Tradeoffs Between Effectiveness and Social Perception When Using Mixed Reality to Enhance Gesturally Limited Robot

Thao Phung
Mines Robotics
Published in
4 min readApr 27, 2021
Categories of mixed-reality gestures

This post summarizes our research paper “What’s The Point? Tradeoffs Between Effectiveness and Social Perception When Using Mixed Reality to Enhance Gesturally Limited Robots” by Jared Hamilton*, Thao Phung*, Nhan Tran, and Tom Williams. This work was published and presented at HRI 2021. *Equal Contribution

For robots to communicate effectively with humans, they must be capable of natural, human-like human-robot dialogue. And, in contrast to dialogue agents and chatbots, interactive robots must be able to communicate with sensitivity to situated context.

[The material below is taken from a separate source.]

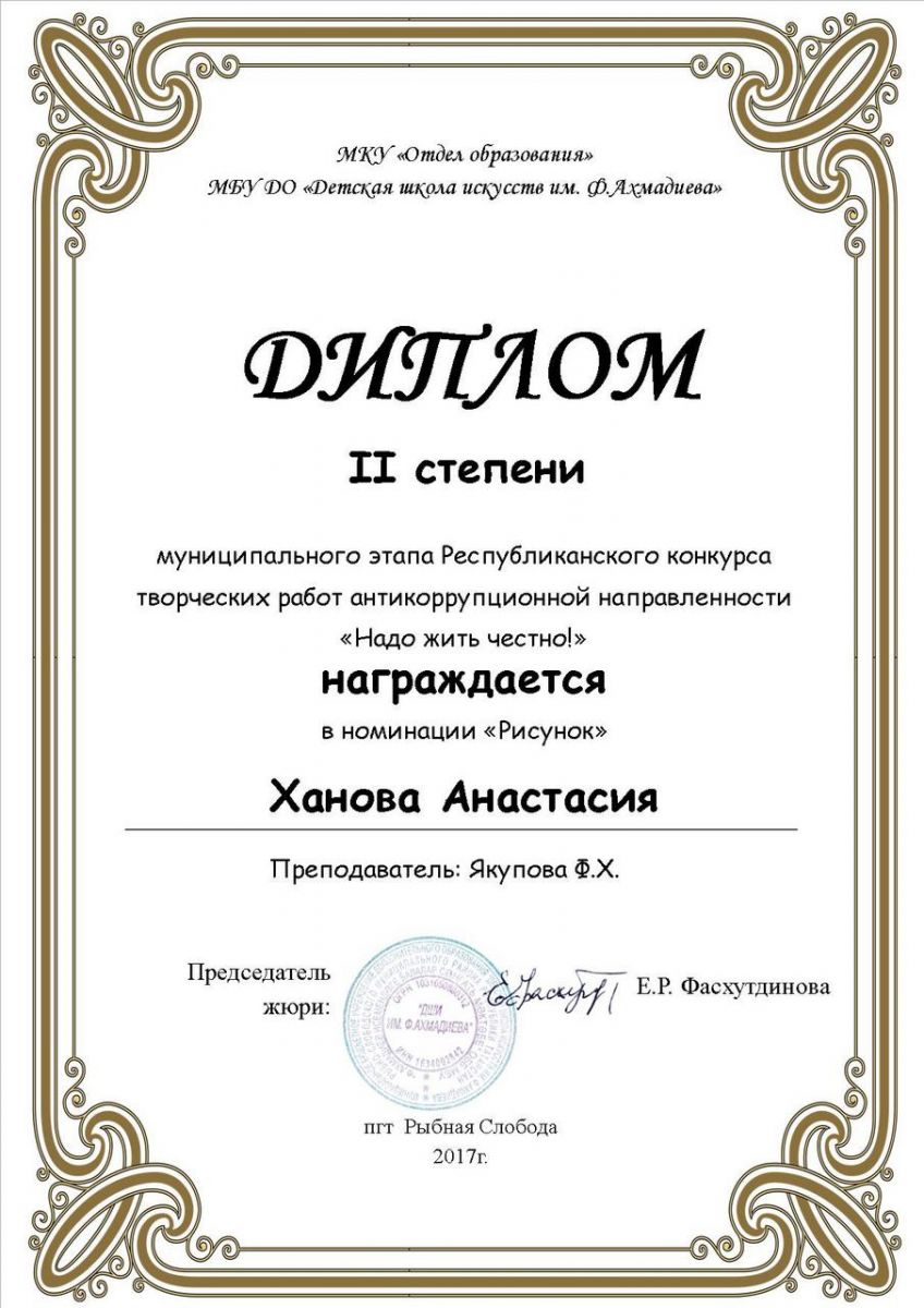 Ханова Анастасия - Диплом II-й степени муниципального этапа Республиканского конкурса творческих работ антикоррупционной направленности "Надо жить честно!" в номинации "Рисунок"(2017г.)

Deixis is a key component of human-human communication. Humans begin pointing while speaking even from infancy. Deictic gestures help us express our thoughts, especially in environments in which verbal communication would be difficult such as in noisy factory environments. And widespread evidence has been found in the human robot interaction (HRI) literature for the effectiveness of robots’ use of deictic gestures such as pointing.

However, many robotic platforms lack the arms, heads, and eyes needed to generate expressive cues or deictic gestures. This is especially true for mobile bases such as those used in warehouses, and free-flying drone platforms.

While these types of robots may not be designed to be sociable, they still need gaze and gestural-capabilities for situated communication. In recent work, HRI researchers have begun to explore how mixed reality gestures can be used to provide nonverbal capabilities to these sorts of robots.

In previous work, our lab has started to explore the space of deictic gestures that robots can use in mixed reality environments, including both physical gestures, MR gestures generated through Head Mounted Displays (HMDs) and MR gestures generated through projectors.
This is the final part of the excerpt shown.